Human Rights Watch has interviewed detainees recently
released from the centers as well as a former guard and Chinese
government officials who have been inside others.
Under American law, federally funded research on inmates
must be approved by a panel that includes at least one prisoner
who volunteers to serve, said bioethicist Karen Maschke of The
Hastings Center, a think tank in Garrison, New York, who is not
involved in the controversy.
The authors of the study include 11 scientists at Peking
University, led by Yan-Xue Xue, and two at the National
Institute on Drug Abuse (part of the U.S. National Institutes of
Health). NIDA provided financial support for the paper in the
form of salaries to co-authors David Epstein and Yavin Shaham,
who advised on the experiment's design, among other
contributions. NIDA declined to make them available to speak
about the study.
In a reply to Amon, also published in Science on Thursday,
eight of the Peking scientists said they "saw no indication of
the abuses" he described, which would violate Chinese law.
Beijing's drug treatment centers "provide comprehensive
care," they wrote, including methadone for heroin addicts,
"psychological counseling" and "regular medical treatment."
The two NIDA researchers did not sign the response, nor did
three of the Peking University scientists. Lead authors Ping Wu
and Lin Lu told Reuters by email, "All authors are fine with the
letter but only authors on human experiments were on the letter;
the other authors only did rats experiments."
"The NIDA investigators did not sign the letter because they
were not engaged in the human studies," NIDA said in a statement
to Reuters.
The institute did not respond to a question about the
discrepancy between that assertion and a written statement in
April, obtained by Reuters, saying its scientists were "involved
in the data analyses and the preparation of the manuscript."
INVOLUNTARY CONFINEMENT
Drug detention centers in Beijing have been the subject of
reports by Chinese and Western news organizations, human rights
groups, scientists, and the United Nations. A 2010 article in
China Daily said drug users at Ankang Hospital, one of the
facilities where addicts were studied by Xue and colleagues, are
typically confined involuntarily for two years. Therapies
include boxing, playing in sand, and crossing rope bridges, none
of which have been shown to be effective against addiction.

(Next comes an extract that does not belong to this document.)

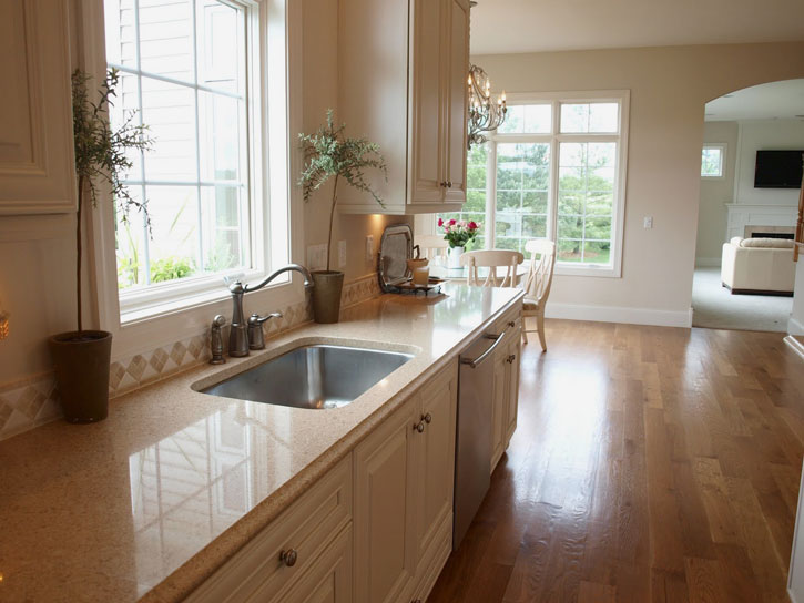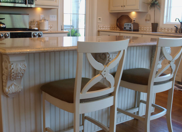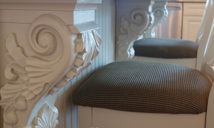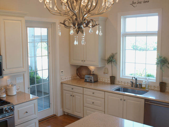 Nice kitchen for a model home but not practical! This is not an easy to clean kitchen. So much of the elements are dust collectors, e.g. the tops of the upper cabinets, the chandelier, the raised panels, the corbels, the open shelves, etc.

Ankang is staffed by 20 psychologists and 30 policemen, China
Daily reported, and houses hundreds of detainees, according to
Human Rights Watch.
A 2010 investigation by the New York Times found that drug
users are confined to the facilities by police without trials or
the possibility of appeal and endure "an unremitting gantlet of
physical abuse and forced labor without any drug treatment."
In what it called a "landmark" statement, the UN in March
called on member countries to close compulsory drug detention
centers.
Amon brought Human Rights Watch's concerns to NIDA in April,
asking it to "conduct an independent investigation of the
research and denounce the arbitrary detention of the roughly
200,000 people currently in compulsory drug detention centers in
China." The figure is based on HRW's research.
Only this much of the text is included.